Bila demikian, berarti cinta merupakan jalan indah yang
ditawarkan Allah, agar kita mengenal diri dengan baik sehingga pada gilirannya
membuat kita semakin mengenal-Nya dan semakin mencintai-Nya. Risiko Cinta,
konsekuensi dan tanggung jawab dari cinta meliputi kesediaan memberi dan
menerima. Menerima hal-hal yang baik dan positif dari pasangan adalah hal yang
mudah, tapi menerima sesuatu yang jelek dari pasangan, membutuhkan keikhlasan
dan kelapangan hati, dan itulah risiko cinta yang kerap tidak di sadari oleh
orang-orang yang tengah dilanda cinta. Karena sebuah hadis menyatakan: “Cintamu
kepada sesuatu menjadikan kamu buta dan tuli.” (HR. Abu Dawud dan Ahmad). Maka
jalan yang bisa ditempuh agar kita selamat dalam menjalani percintaan
kemanusiaan kita adalah dengan cara meluruskan kesadaran dan keimanan kita
sepenuhnya dengan meneladani hadis berikut: “Paling kuat tali hubungan keimanan
ialah cinta karena Allah dan benci karena Allah.” (HR. Athabrani).

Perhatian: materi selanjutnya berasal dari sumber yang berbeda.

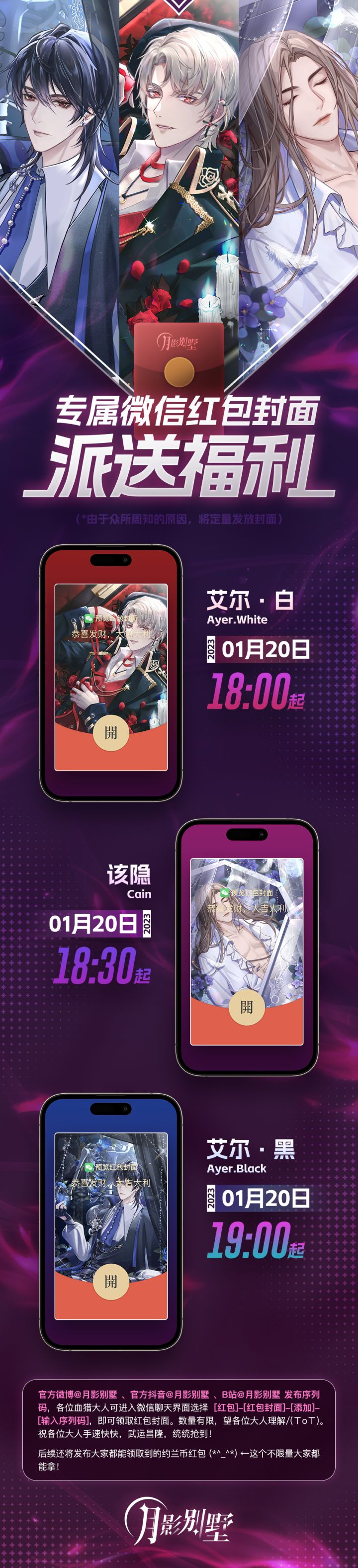 「吉祥如意庆新喜,百福齐聚贺新春」 ⭐2023年《月影别墅》新春限定红包封面发放预告: ► 发放时间【1月20日18:00公布 白艾尔封面序列码】【1月20日18:30公布 该隐封面序列码】【1月20日19:00公布 黑艾尔封面序列码】详细内容请看长图↓↓↓ 月影别墅基地:官方17群:744247417微博:月影别墅抖音:月影别墅公众号:拉萌工作室

Maka langkah konkrit pertama yang bisa dilakukan adalah
memaknai apapun yang kita miliki dan siapapun yang kita cintai sebagai amanat
dari Allah, yang harus kita jaga dan kita pelihara atas dasar kepatuhan dan
keimanan kita kepada-Nya. sehingga ketika sesuatu terjadi yang membuat kita
kehilangan atau terpisah dari sesuatu yang kita cintai (baca: pasangan,
pangkat, jabatan, materi) atau seseorang yang selama ini kita miliki dan kita
cintai, kita tidak terhempas dan hancur berkeping-keping.

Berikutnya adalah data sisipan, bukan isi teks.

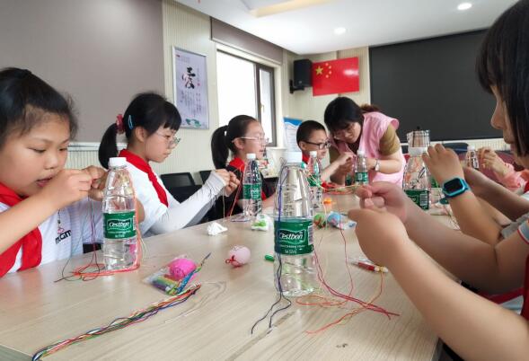 近日,南京市棲霞區(qū)燕子磯街道電瓷社區(qū)便民服務(wù)中心關(guān)工委端午節(jié)教同學(xué)們編七彩鴨蛋繩。

Lewat shalat yang khusyuk dan doa-doa yang kita
sampaikan, lama kelamaan dengan sendirinya akan membuat kita peka dan mampu
merasakan balasan cinta dari-Nya. Sehingga memunculkan kesadaran, bahwa dalam
sebuah hubungan cinta, kedekatan secara rohaniah lebih tinggi nilainya
ketimbang kedekatan secara fisik. Dan manakala kita telah mampu mencapai titik
tersebut, maka tak ada lagi yang mengikat hati kita, kecuali keinginan untuk
senantiasa meraih ridha-Nya, sebagaimana syair indah karya perempuan sufi
terkenal Rabi’ah al-Adawiyah berikut: Tuhanku, tenggelamkan diriku kedalam
samudra keikhlasan mencintai-Mu, sehingga tak ada sesuatu yang menyibukkanku
kecuali berzikir kepada-Mu..
Dan Hujjatul Islam, Imam Al-Ghazali dalam kitab
Al-Mahabbah mengatakan bahwa cinta adalah tujuan puncak dari seluruh maqam
spiritual dan Cinta menduduki derajat tertinggi. "(Allah) mencintai mereka
dan mereka pun mencintai-Nya." (Al-Maidah : 54).